▶ **Aim of the task**
So that the copy stays text only, transcribe the data below exactly and exclude the images.

▶ **Data**
◇ ◇ ◇ ◇ ◇ ◇ ◇
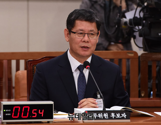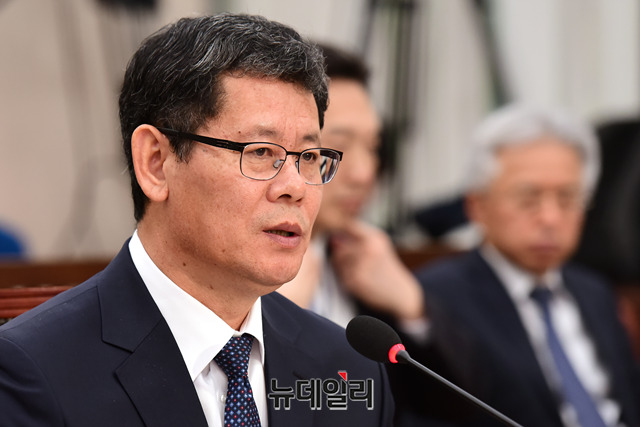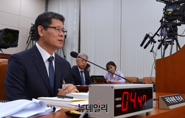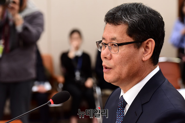 김연철 통일부 장관 후보자가 26일 오후 국회 외교통일위원회 전체회의실에서 열린 인사청문회에서 의원들의 질문에 답하고 있다.
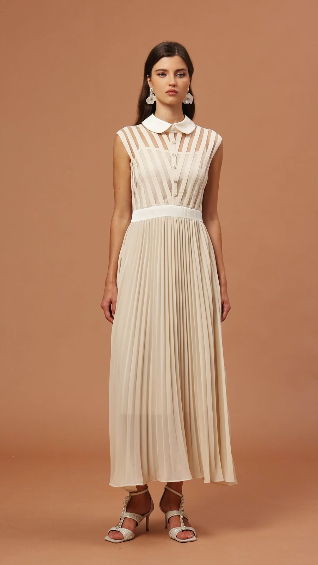 Gilda Round Neck Sleeveless Folds Maxi Dress
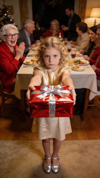 During the family gathering, my in-laws distributed lavish gifts to every grandchild except mine, saying she wasn’t really theirs. My husband said nothing. Then my 7-year-old quietly handed a box to her grandmother and said it was for her if she ever dismissed her again. When she unwrapped it, her reaction shocked everyone.
◇ ◇ ◇ ◇ ◇ ◇ ◇
▶ **Result**
 김연철 통일부 장관 후보자가 26일 오후 국회 외교통일위원회 전체회의실에서 열린 인사청문회에서 의원들의 질문에 답하고 있다.
 Gilda Round Neck Sleeveless Folds Maxi Dress
 During the family gathering, my in-laws distributed lavish gifts to every grandchild except mine, saying she wasn’t really theirs. My husband said nothing. Then my 7-year-old quietly handed a box to her grandmother and said it was for her if she ever dismissed her again. When she unwrapped it, her reaction shocked everyone.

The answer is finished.